REQUIRED WORK
Pictures stay out of the output. Return exactly the lines below from the one with "About Product:Brand Meister" down to the one with "(CC) NWT Torrid", both included, and nothing more.

═══ STUDY MATERIAL ═══

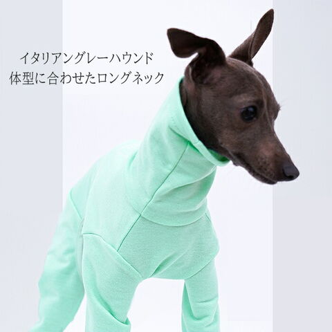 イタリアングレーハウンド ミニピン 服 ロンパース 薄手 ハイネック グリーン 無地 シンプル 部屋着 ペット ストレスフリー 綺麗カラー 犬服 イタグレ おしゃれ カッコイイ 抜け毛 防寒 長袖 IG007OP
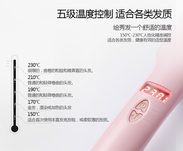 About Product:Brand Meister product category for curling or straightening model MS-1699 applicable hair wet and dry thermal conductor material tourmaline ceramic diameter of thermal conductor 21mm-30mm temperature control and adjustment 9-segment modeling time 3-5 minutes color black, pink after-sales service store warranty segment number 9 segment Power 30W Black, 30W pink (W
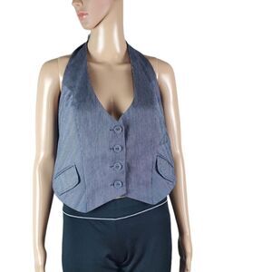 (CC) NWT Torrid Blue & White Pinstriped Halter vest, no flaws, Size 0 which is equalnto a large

═══
═══ STUDY MATERIAL ═══

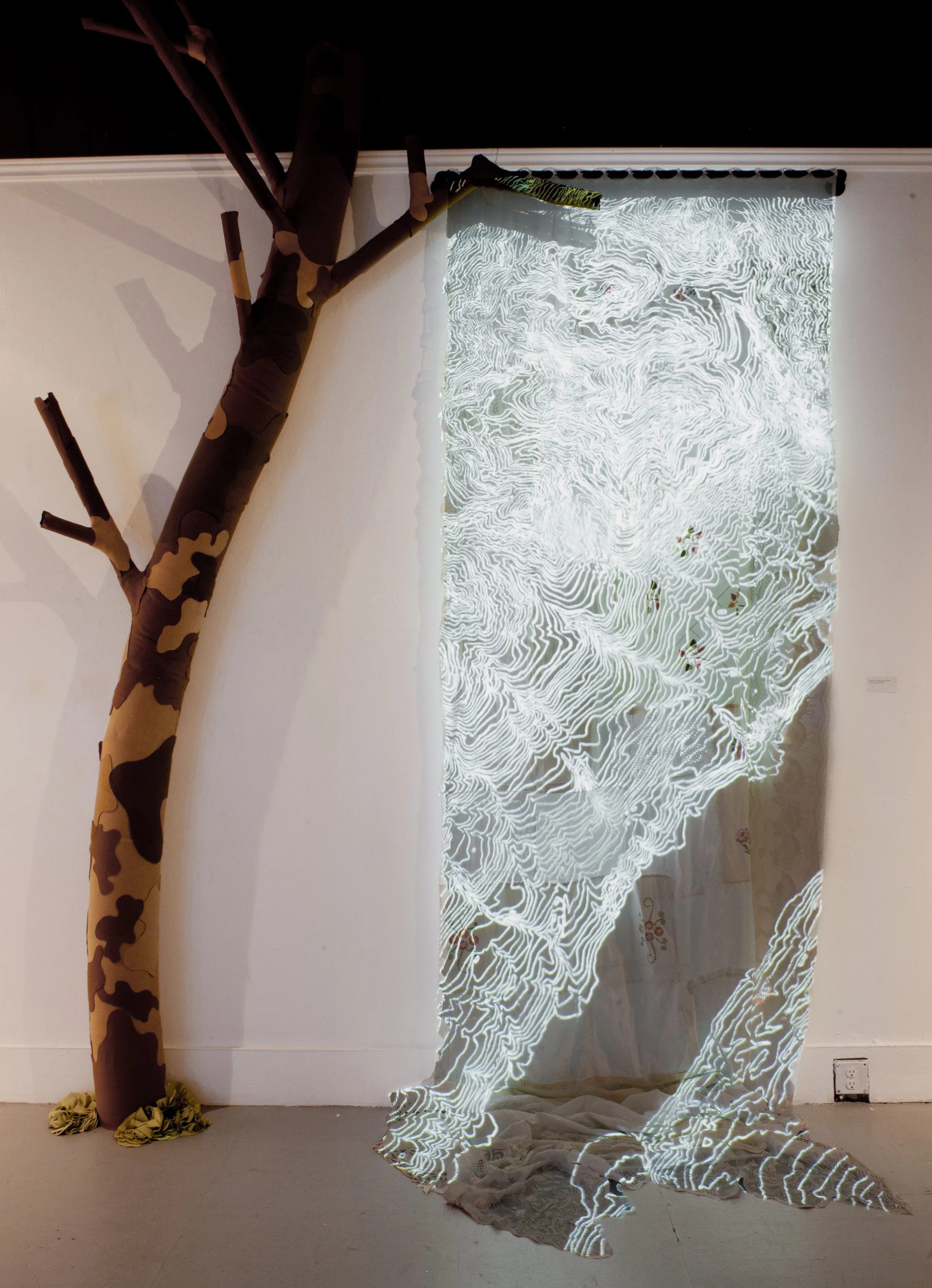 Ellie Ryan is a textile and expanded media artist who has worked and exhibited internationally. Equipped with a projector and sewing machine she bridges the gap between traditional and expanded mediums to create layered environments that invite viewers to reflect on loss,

═══

EXERCISE SOLUTION
 About Product:Brand Meister product category for curling or straightening model MS-1699 applicable hair wet and dry thermal conductor material tourmaline ceramic diameter of thermal conductor 21mm-30mm temperature control and adjustment 9-segment modeling time 3-5 minutes color black, pink after-sales service store warranty segment number 9 segment Power 30W Black, 30W pink (W
 (CC) NWT Torrid Blue & White Pinstriped Halter vest, no flaws, Size 0 which is equalnto a large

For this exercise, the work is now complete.